DIRECTIONS> Once you find the line with "Bu adımları takip" in the data that follows, repeat it and every line after it exactly, through the line with "Sandale argentée au".

DATA SUPPLIED>
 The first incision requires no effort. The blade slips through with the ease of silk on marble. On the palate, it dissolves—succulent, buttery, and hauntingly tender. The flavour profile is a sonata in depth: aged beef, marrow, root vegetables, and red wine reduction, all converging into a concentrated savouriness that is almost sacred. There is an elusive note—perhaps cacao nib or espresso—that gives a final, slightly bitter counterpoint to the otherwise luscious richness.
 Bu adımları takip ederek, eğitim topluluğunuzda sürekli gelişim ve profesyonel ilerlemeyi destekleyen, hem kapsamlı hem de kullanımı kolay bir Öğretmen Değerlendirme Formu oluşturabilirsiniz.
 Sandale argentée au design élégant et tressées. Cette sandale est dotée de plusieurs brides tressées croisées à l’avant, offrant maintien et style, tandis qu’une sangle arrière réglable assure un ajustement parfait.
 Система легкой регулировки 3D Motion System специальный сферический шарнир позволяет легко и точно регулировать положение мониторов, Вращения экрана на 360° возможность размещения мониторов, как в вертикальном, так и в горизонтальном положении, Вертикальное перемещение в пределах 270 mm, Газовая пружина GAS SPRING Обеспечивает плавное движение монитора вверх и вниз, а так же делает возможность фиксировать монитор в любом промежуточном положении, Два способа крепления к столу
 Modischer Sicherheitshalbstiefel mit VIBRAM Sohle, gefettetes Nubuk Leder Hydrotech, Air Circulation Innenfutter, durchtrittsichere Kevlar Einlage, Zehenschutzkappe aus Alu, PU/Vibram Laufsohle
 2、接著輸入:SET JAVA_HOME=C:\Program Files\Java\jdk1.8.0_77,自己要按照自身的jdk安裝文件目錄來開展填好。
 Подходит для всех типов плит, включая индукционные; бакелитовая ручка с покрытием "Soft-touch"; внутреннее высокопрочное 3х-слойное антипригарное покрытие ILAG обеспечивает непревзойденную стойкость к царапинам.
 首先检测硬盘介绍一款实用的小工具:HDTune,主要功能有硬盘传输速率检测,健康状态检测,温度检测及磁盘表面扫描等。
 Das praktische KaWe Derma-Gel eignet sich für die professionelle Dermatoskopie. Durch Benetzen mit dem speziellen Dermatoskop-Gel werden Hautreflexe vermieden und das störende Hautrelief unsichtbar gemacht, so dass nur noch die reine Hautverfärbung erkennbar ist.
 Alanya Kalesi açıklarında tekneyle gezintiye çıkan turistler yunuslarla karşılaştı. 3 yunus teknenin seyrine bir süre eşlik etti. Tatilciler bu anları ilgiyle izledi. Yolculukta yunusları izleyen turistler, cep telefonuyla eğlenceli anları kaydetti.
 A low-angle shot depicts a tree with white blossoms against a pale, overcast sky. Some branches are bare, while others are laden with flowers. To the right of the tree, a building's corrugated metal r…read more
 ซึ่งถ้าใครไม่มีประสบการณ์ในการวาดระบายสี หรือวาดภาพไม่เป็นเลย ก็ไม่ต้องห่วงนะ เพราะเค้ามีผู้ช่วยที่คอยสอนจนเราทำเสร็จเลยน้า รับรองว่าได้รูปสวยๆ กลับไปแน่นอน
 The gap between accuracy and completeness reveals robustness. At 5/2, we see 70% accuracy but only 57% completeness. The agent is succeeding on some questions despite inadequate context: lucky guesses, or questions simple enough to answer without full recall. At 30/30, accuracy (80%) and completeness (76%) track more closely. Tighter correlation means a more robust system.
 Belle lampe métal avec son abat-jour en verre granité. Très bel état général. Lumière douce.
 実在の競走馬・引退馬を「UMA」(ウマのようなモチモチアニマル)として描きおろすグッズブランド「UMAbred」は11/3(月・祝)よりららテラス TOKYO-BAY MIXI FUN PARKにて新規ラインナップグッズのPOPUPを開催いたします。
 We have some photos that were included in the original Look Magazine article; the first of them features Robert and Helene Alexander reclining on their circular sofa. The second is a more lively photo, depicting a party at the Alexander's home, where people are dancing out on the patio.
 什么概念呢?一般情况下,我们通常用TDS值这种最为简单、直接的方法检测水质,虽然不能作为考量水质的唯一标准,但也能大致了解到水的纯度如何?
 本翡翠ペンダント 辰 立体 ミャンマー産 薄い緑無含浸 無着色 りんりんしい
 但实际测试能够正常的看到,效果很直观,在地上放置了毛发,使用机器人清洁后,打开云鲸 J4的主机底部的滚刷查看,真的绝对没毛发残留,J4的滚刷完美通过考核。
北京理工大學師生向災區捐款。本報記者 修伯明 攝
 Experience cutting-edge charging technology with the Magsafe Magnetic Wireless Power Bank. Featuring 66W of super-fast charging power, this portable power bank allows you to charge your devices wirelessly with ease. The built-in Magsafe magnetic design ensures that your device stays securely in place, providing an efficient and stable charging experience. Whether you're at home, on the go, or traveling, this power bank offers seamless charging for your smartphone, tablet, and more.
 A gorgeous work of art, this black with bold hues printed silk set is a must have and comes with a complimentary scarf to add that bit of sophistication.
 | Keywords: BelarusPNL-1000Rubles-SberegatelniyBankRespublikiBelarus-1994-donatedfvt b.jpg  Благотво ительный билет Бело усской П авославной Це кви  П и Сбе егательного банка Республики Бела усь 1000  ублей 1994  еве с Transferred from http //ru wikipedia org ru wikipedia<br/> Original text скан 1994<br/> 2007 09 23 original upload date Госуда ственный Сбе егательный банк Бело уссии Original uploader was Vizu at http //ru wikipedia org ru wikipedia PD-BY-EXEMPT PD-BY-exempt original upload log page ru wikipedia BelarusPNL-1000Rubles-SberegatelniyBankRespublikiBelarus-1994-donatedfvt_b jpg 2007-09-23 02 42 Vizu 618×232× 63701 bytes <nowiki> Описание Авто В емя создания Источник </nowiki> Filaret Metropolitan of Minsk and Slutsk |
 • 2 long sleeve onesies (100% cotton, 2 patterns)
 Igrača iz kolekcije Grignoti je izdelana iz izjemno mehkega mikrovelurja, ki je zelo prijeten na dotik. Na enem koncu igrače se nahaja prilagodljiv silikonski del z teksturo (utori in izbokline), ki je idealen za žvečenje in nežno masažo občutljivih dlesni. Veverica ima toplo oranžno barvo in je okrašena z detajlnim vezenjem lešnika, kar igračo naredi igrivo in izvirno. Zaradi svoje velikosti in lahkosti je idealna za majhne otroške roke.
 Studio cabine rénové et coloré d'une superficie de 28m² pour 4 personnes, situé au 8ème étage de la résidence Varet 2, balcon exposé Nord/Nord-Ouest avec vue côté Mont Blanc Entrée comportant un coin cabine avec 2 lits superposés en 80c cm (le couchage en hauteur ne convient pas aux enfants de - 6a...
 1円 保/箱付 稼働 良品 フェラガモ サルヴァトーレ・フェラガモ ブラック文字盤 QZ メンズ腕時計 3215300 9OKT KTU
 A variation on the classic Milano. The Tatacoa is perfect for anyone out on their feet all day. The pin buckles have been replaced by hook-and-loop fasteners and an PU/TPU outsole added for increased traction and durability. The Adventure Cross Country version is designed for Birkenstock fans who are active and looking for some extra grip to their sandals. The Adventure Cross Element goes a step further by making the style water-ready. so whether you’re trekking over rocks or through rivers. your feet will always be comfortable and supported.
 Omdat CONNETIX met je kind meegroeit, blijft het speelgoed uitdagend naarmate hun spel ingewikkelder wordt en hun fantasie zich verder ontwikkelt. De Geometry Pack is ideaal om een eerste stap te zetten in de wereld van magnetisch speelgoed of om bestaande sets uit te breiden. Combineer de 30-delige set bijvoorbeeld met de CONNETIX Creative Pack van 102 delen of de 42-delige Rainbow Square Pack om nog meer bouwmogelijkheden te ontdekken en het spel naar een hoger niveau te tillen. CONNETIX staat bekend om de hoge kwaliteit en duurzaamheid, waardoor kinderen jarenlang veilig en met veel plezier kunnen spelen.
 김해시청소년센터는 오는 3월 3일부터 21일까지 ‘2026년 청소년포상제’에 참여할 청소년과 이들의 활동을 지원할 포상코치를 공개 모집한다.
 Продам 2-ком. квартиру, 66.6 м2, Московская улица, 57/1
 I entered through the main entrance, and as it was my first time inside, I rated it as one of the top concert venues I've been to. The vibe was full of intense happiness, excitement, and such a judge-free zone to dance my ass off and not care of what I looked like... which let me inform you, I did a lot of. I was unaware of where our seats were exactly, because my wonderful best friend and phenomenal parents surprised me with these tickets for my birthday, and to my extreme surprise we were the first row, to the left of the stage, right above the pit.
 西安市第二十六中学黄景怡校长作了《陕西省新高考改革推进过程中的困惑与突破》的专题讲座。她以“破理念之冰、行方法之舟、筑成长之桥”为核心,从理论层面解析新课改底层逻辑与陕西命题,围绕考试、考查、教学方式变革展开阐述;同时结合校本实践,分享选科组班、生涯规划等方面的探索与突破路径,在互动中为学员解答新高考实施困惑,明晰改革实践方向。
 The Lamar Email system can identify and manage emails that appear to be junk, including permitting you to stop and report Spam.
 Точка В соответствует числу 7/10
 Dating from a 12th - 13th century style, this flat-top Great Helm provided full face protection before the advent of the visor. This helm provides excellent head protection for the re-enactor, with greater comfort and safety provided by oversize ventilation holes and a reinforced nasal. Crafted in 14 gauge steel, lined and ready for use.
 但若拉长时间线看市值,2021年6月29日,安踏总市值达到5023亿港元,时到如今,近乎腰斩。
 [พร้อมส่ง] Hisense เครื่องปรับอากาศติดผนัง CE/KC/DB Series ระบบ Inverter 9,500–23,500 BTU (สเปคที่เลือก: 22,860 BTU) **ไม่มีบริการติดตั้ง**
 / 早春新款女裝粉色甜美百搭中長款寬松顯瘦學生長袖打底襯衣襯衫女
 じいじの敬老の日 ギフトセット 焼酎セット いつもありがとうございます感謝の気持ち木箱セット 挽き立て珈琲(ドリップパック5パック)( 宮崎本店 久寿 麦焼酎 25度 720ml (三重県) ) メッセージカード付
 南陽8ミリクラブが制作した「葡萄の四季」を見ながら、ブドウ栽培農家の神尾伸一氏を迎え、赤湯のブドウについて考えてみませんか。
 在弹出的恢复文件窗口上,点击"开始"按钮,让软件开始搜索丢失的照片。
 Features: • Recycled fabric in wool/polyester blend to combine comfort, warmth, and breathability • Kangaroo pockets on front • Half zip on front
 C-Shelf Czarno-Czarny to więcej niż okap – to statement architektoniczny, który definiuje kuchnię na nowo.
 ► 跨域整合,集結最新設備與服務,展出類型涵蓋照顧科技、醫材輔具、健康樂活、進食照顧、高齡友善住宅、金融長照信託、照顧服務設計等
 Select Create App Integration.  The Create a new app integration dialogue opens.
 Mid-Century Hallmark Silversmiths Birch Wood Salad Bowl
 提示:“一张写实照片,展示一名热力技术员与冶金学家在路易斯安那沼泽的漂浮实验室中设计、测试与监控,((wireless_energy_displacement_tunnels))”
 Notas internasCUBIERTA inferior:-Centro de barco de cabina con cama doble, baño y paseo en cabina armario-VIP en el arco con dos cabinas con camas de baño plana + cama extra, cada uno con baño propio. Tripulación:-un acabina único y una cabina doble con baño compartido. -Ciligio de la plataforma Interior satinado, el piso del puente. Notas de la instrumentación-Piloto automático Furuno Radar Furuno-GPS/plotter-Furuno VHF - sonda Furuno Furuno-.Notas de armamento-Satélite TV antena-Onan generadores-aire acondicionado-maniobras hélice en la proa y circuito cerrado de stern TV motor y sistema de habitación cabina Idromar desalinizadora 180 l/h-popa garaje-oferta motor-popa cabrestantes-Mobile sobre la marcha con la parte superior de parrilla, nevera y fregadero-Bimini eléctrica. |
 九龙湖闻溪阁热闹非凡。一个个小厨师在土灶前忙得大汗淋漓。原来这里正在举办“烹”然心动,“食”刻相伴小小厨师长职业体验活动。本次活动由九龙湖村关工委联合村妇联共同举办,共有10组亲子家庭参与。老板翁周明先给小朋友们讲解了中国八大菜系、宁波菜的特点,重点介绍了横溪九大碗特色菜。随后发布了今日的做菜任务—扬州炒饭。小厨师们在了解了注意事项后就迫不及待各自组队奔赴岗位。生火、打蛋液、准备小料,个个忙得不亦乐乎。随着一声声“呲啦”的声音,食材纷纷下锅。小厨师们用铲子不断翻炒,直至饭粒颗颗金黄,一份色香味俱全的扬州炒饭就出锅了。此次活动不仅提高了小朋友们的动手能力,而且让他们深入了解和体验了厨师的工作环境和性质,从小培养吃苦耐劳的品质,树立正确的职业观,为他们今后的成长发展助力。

RESULT OF THE TASK>
 Bu adımları takip ederek, eğitim topluluğunuzda sürekli gelişim ve profesyonel ilerlemeyi destekleyen, hem kapsamlı hem de kullanımı kolay bir Öğretmen Değerlendirme Formu oluşturabilirsiniz.
 Sandale argentée au design élégant et tressées. Cette sandale est dotée de plusieurs brides tressées croisées à l’avant, offrant maintien et style, tandis qu’une sangle arrière réglable assure un ajustement parfait.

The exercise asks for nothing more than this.